I watch a lot of movies. Violent movies, on occasion. I’ve seen Nicolas Cage smash open a man’s skull in a hotel lobby, Vincent Cassel bludgeon a man to death with a fire extinguisher in a nightclub, Ryan Gosling repeatedly stomp on a man’s head until there was virtually nothing left in an elevator, Christian Bale swinging a chainsaw in an apartment building, Arnold Schwarzenegger blowing away over a dozen cops on their own turf, to say nothing of Statham, Stallone, Jaa, Jackson; the list never ends of tough dudes doing horrible things to people on the silver screen for our enjoyment. 
Hotline Miami summarizes all that carnage and more and, for the first time, placed me in the shoes of all of those cinematic psychopaths to the point where my perception of violence was altered. Make no mistake, this game is all about doing horrible, vicious, savage things to little 16-bit characters.
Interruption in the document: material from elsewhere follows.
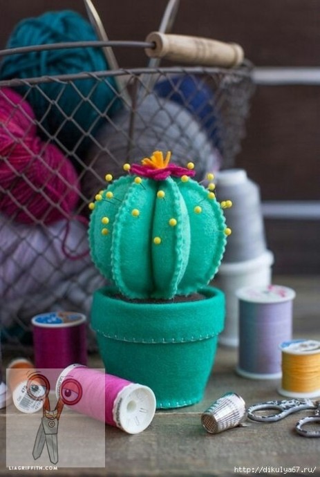 Игольница-кактус не будет поглощать электромагнитное излучение компьютера, как живой цветок.
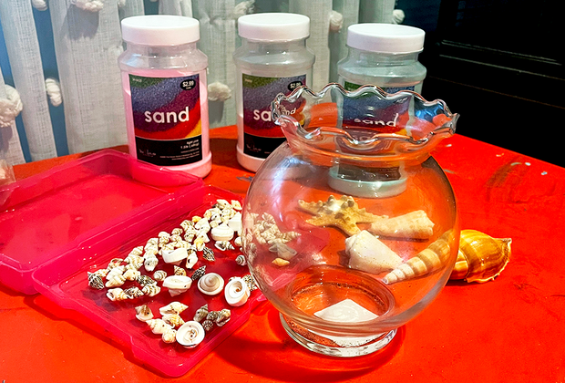 Buy a plastic bin and fill it with local sand. Add fun sequins, seashells, fine glitter, rocks, and driftwood. Get really fancy and buy a bin that has two sections. Use one for the sand mixture and one for water. Throw in some sea-creature toys for even more fun.

Each level presents you with a location (some akin to the cinematic locales I just described, including a hotel, nightclub and police station), perhaps a dozen or more cronies, and a mask. What happens after that are some of the most intense action scenes I’ve ever taken part in.

I could describe the flow of the combat, the mechanics of it all, but others have already done that quite admirably. I’d just like to add to the conversation my perception of the cinematic flavor of the whole experience. I’ve heard whispers the developer, headed by Jonatan “Cactus” Soderstrom, took particular note of Drive when making the game, both stylistically and (based on that motel room scene…you know the one)  I’m guessing some of the gameplay particulars as well. But so many other films have also been evoked during my time with the game. Every cinematic showdown I’ve seen that takes into account the fragility of the hero crept into my mind as I was setting about my dark tasks. Remember that hallway fight in Kick Ass? That drug deal gone bad in Boogie Nights? The motel fight in L.A. Confidential? That deleted scene from Cronenberg’s A History of Violence where Ed Harris’ bloody corpse spoke? (too specific?)  Again, the list goes on and on.

For those less versed in cinema, comparisons are perhaps more difficult. Its like Smash-TV if it were a stealth-game? Manhunt if it were distilled to the core elements of that game that were most disturbing? GTA Vice City with all the fat trimmed? Killer7 if you played as the villain and the gameplay was enjoyable? None of those quite sum up what works about this game. It is both like and unlike a lot of things, and that blending of all the pop-cultural savagery that came before it is what makes it uniquely disgusting and brilliant at the same time.

Perhaps better than all those films and games I’ve described thus far, the game successfully puts you in the role of a character akin to American Psycho’s Patrick Bateman long enough to get a taste for the macabre that both compels and sickens him by that film’s conclusion. I suppose that is the most astute cinematic comparison, the one that best captures how this game made me feel by the end of it. You feel disgusting but satisfied. You don’t want to stop killing because its fun, and that is meant to be an odd, unsettling thought. Games have gotten into the habit of telling you to kill people in awful ways without ever stopping to let you think about how weird that is. This game pushes you past the point many may want to go. It says “kill, kill, kill, it’s fun, right?” so directly it comes across as more honest and sinister as a result of it. I could keep making comparisons and gushing over the game forever, but I’d suggest just checking it out for yourself. There is a good reason a growing contingent of the internet is making a fuss about this game. Personally speaking, I’m pretty comfortable calling it my Game of the Year right here, right now. It’s that good, it’s ten dollars, what are you waiting for?